> [The records]
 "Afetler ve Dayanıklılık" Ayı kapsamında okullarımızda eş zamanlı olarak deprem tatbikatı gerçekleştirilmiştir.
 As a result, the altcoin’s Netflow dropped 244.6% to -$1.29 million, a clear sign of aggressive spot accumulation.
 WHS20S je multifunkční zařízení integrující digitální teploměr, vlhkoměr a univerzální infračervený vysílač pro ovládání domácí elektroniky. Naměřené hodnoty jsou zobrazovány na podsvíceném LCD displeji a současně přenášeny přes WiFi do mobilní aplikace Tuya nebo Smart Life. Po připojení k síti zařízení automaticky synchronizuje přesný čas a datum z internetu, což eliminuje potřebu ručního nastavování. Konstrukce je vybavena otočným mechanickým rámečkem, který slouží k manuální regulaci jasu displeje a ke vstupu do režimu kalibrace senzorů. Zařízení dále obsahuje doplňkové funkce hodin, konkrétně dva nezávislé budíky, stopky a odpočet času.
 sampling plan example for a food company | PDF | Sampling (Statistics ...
--
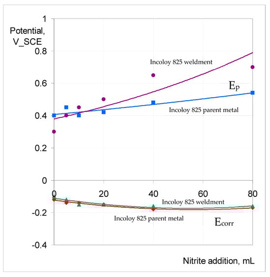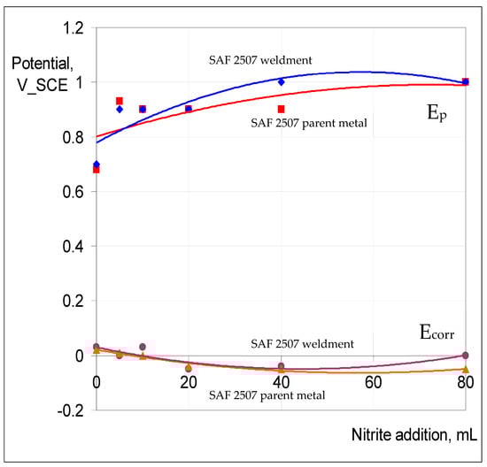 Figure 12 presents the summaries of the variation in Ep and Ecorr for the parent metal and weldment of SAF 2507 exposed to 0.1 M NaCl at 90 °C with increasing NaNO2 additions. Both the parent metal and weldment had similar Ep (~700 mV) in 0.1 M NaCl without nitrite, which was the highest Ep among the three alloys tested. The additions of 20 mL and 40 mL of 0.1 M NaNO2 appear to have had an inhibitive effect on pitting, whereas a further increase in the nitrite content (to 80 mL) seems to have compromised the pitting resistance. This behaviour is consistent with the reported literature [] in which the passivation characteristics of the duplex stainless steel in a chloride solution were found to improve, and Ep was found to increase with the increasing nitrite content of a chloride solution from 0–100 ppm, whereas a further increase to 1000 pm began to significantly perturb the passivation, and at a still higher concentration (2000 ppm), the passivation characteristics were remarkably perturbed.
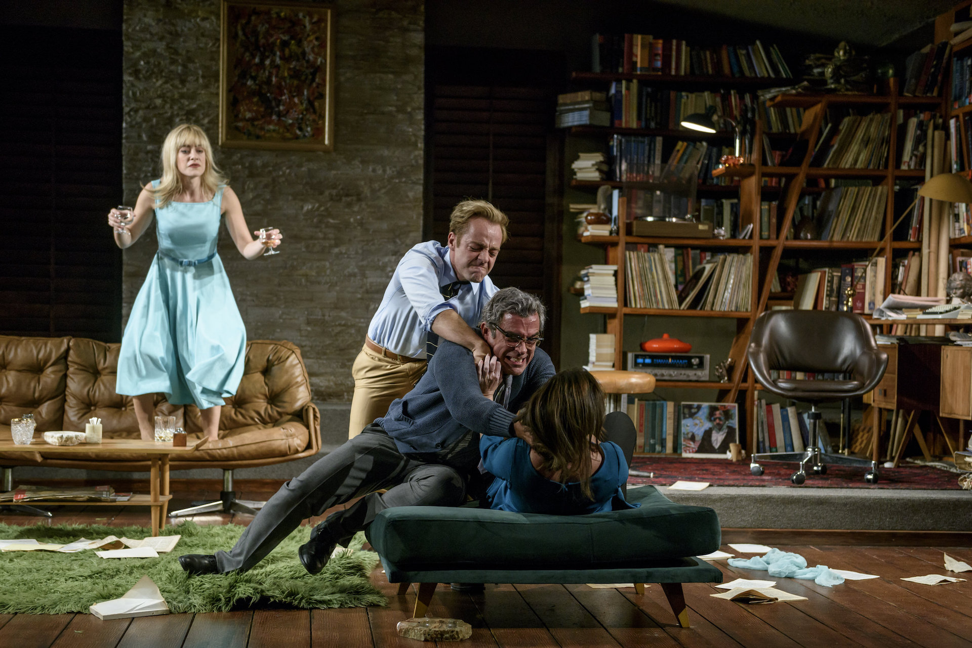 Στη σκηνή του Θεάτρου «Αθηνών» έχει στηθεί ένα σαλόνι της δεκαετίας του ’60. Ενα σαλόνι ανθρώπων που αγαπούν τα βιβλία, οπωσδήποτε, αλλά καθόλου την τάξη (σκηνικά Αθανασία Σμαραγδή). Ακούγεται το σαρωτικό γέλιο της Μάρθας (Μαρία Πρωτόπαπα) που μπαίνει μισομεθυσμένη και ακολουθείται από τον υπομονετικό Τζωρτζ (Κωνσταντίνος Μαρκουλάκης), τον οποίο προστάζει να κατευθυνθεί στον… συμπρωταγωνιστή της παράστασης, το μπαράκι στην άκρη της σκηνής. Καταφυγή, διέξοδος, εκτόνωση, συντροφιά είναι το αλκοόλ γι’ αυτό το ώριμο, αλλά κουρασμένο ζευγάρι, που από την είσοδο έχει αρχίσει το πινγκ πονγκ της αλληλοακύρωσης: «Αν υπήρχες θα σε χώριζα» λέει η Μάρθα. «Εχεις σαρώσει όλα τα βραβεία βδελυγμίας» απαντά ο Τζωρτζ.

> [Your instructions] The range runs from the line above containing "WHS20S je multifunkční" to the line containing "sampling plan example", inclusive. Restate those lines word for word and no others.

> [Exercise response]
 WHS20S je multifunkční zařízení integrující digitální teploměr, vlhkoměr a univerzální infračervený vysílač pro ovládání domácí elektroniky. Naměřené hodnoty jsou zobrazovány na podsvíceném LCD displeji a současně přenášeny přes WiFi do mobilní aplikace Tuya nebo Smart Life. Po připojení k síti zařízení automaticky synchronizuje přesný čas a datum z internetu, což eliminuje potřebu ručního nastavování. Konstrukce je vybavena otočným mechanickým rámečkem, který slouží k manuální regulaci jasu displeje a ke vstupu do režimu kalibrace senzorů. Zařízení dále obsahuje doplňkové funkce hodin, konkrétně dva nezávislé budíky, stopky a odpočet času.
 sampling plan example for a food company | PDF | Sampling (Statistics ...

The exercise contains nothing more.